Two or three weeks before the performance, the director will provide
the lighting designer with a ground plan of the set along with a design on
paper of the way he/she would like the lighting design to be. The easiest
way to design lights on paper is by allocating a letter to each of the areas
in the ground plan (see attached ground plan). Each of these areas named by
a letter is called a plot.
On the preliminary cue sheet that the director will hand in to the
designer, the cues will be identified by a number i.e. cue #5 (to differentiate
them from the letters for the sound cues). The cues should be numbered using
the multiples of 5, leaving plenty of free numbers between them in case any
other cues need to be added later on.
On the paper design cue sheet, the director will indicate which plots
need to be lit for each specific cue. In addition to this the intensity, color,
time, page number in the text, and cue from the actors must also be specified
in this chart. The lighting designer must have studied this information before
rehearsals in the theater begin. Time in the theater is very limited, and
therefore it needs to be used wisely.
Rehearsals in the theater:
The first rehearsal in the theater is a spacing rehearsal. While the
set designer accommodates the set to the new space, and the actors get used
to these changes, the designer is in charge of studying the lightboard and
learning how to use it.
The next step is to determine which lights will be useful for the purposes
of the staging. The individual lights are connected on to the computer by
means of channels which vary in terms of intensity and may control more than
one light at a time.
Each light has a number. More than one light can be assigned to one
channel. This is called patching. Patching is very useful when
more than one light is needed to illuminate a plot.
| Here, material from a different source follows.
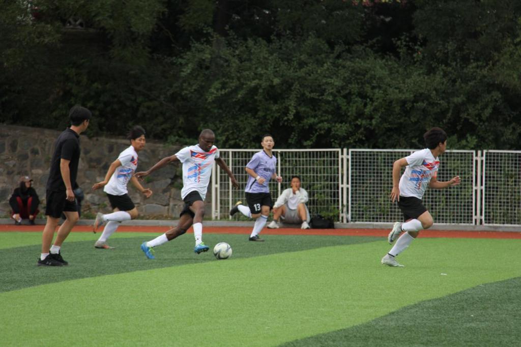 小组赛第二场比赛国际教育学院对阵材冶学院,材冶学院是非常强大的队伍,所以在赛前战术安排采用防守反击策略,虽然进攻的次数以及质量稍差,但在后防线以及守门员许多的精彩扑救下,国际教育学院战平材冶学院。得到了小组赛第一分。

Record the general light plots on to the computer. ( In the case of
Violines y trompetas, the lighting designers would have recorded the plots
labeled A-F identified in the enclosed ground plan).
Once the spacing for the set has been determined, the next step is
to focus the lights. For these matters, the actors should not be on stage.
They should only come on stage if the director/ designer requests them to
do so.
After the lights have been focused, all the cues should be recorded
on the computer as specified on the design on paper. These cues will be adjusted
during the cue to cue rehearsal, which is the next step.
During the cue to cue rehearsal (for more information see the sound
section of this course packet), the designers and the director/stage manager
need to be in constant communication. They will run cues for both lights and
sound in the order that they appear in the play. It will be necessary to make
adjustments in the lighting design as it has been recorded on the computer.
These changes should be made as the cue to cue progresses and the actors should
be available to repeat the cues for the designers.
After the cue to cue is completed, have as many run-throughs as possible
to make sure that the designers clearly understand and know all of their cues.
Please stay until the very end of the rehearsals. Notes are as important to
the designers as they are to the actors.